» **Task brief**: Below are records with pictures. Reproduce exactly the lines from the line with "Castle Rock has" to the line with "AQS 为每个共享资源都设置", inclusive, and leave each picture out.

» **Data for processing**:
┌──

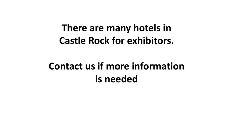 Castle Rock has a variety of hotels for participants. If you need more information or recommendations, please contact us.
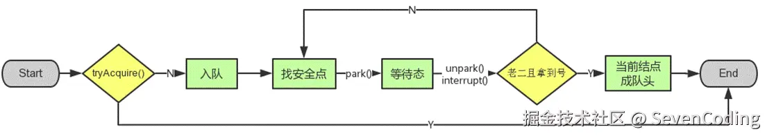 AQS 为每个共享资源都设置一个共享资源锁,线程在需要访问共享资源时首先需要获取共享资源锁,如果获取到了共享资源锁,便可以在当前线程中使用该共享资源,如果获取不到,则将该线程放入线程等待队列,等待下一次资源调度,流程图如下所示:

└──
┌──

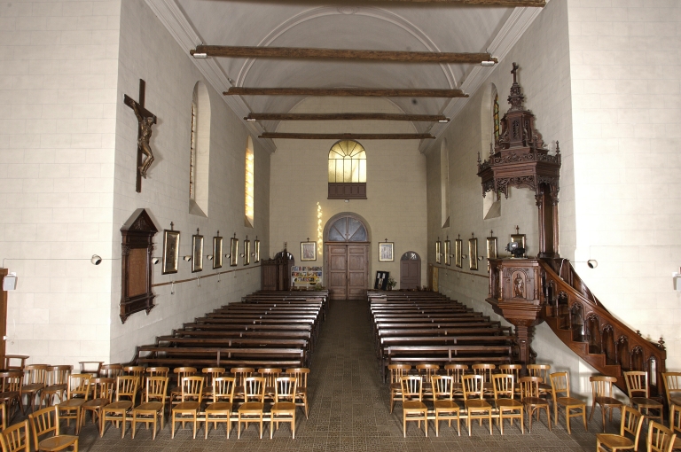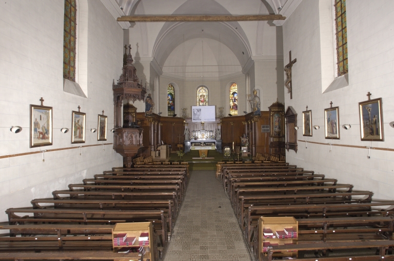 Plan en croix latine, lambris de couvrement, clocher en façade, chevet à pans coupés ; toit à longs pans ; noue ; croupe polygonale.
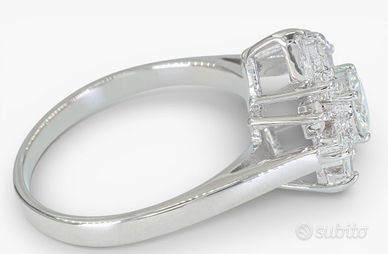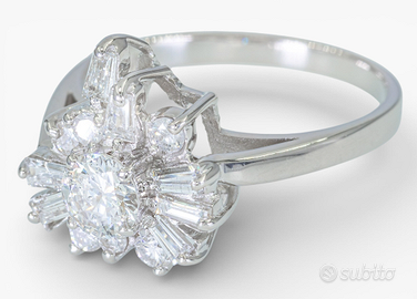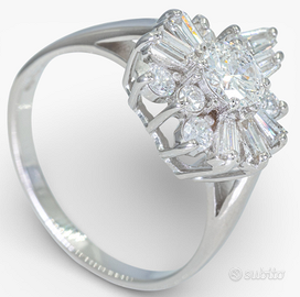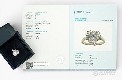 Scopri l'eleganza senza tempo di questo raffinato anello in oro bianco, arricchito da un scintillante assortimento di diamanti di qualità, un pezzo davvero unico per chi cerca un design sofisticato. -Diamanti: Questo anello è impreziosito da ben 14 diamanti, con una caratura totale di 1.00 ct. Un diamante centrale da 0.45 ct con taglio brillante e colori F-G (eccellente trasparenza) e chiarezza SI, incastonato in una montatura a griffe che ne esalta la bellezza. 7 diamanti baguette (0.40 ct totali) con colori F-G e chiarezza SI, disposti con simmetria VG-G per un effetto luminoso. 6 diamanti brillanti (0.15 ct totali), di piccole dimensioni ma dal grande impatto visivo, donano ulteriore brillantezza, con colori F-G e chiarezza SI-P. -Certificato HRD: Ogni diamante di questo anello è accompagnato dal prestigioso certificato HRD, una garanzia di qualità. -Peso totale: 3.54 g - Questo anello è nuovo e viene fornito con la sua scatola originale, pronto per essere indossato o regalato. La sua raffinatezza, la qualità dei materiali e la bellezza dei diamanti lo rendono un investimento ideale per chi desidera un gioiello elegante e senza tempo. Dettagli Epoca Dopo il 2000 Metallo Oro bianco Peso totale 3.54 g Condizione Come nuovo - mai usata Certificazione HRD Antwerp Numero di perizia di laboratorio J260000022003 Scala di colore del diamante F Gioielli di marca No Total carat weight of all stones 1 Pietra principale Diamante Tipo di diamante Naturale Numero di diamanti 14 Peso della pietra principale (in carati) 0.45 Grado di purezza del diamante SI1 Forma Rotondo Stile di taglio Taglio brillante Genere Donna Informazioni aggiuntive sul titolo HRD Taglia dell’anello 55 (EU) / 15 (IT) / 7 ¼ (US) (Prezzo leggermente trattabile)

└──

» **Problem solution**:
 Castle Rock has a variety of hotels for participants. If you need more information or recommendations, please contact us.
 AQS 为每个共享资源都设置一个共享资源锁,线程在需要访问共享资源时首先需要获取共享资源锁,如果获取到了共享资源锁,便可以在当前线程中使用该共享资源,如果获取不到,则将该线程放入线程等待队列,等待下一次资源调度,流程图如下所示:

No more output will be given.